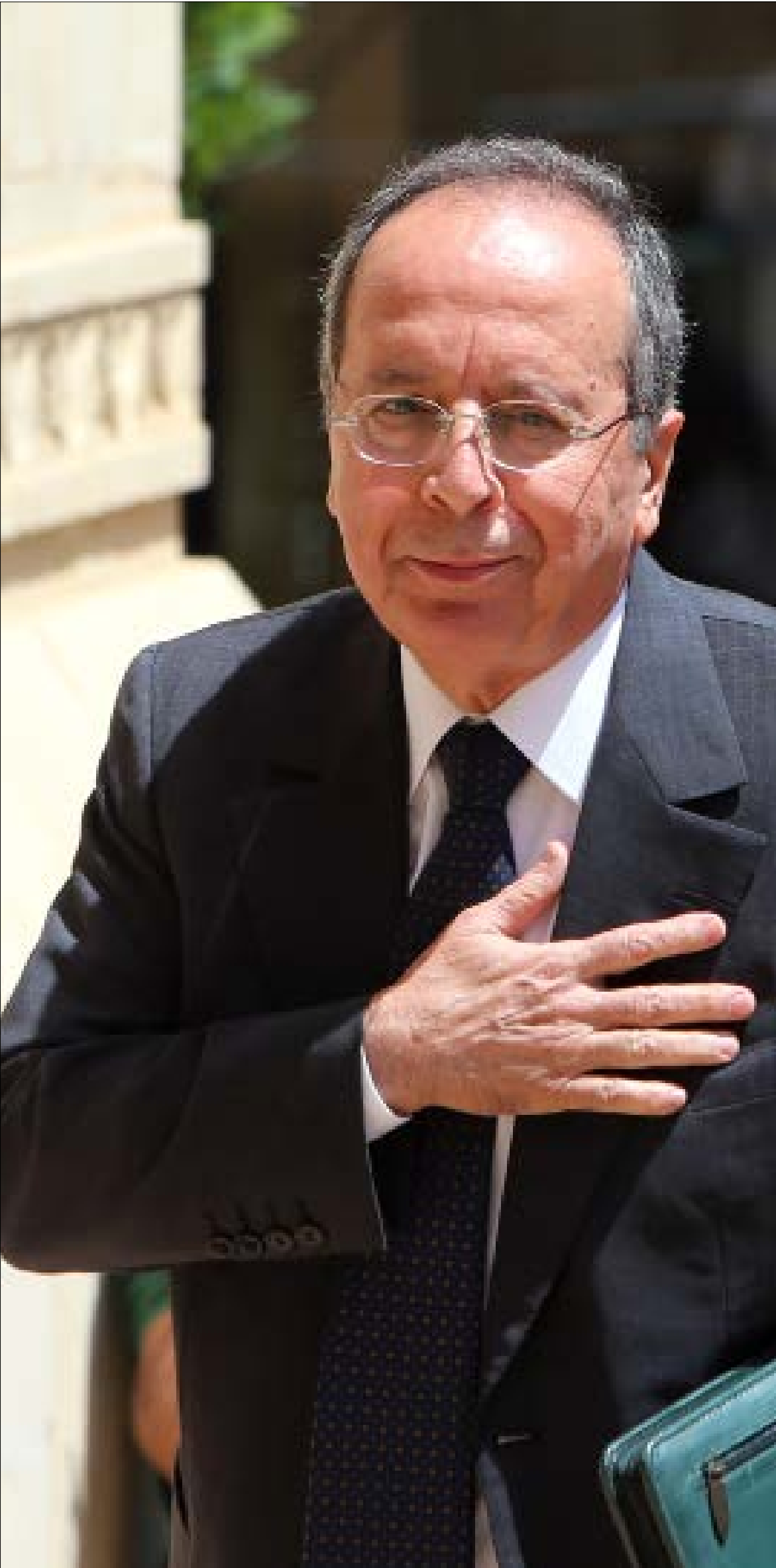
ذكّر الشاهد بتصرف وزير الخارجية الإسرائيلي: نحن كما وراء إصدار القرار 1559 (هيلم الموسوي)

منذ زمن لم يعد أحد يكتفر، في لبنان، لما ستصدره هذه المحكمة من أحكام، جاء في فصلها الأخير ضابط، ين رموز الحقبة السورية في لبنان، ليُشهد فيها وينجح في السيّد ووجده مقتنعاً أنّ سوريا تقف وراء ما حصل. ذلك القاضي ديفيد ري، الذي يراس الجلسة، أنّ يُخبر
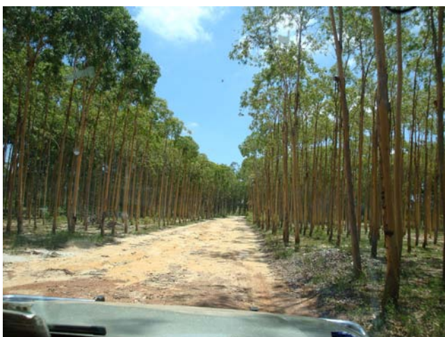
◇ 平东镇速生桉 (摄于 2004 年 7 月)
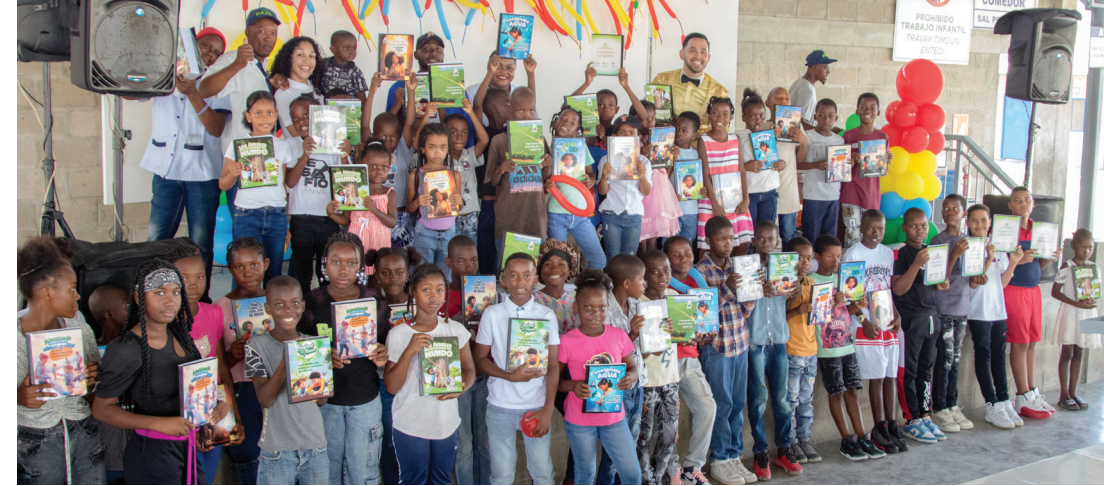
Niños del Área Agrícola reciben sus cuadernos escolares durante la entrega realizada en el Complejo Habitacional del CAC.
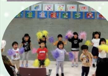
院内保育所「たんぼぼ」
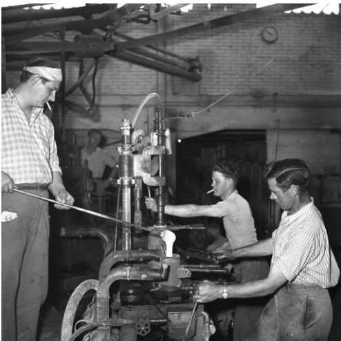
Mundblasen und Halbautomaten

++++++++++++++++++++

● Exercise details
Go through the data line by line and say how many lines contain "وراء". Give the number alone.

● Task output
2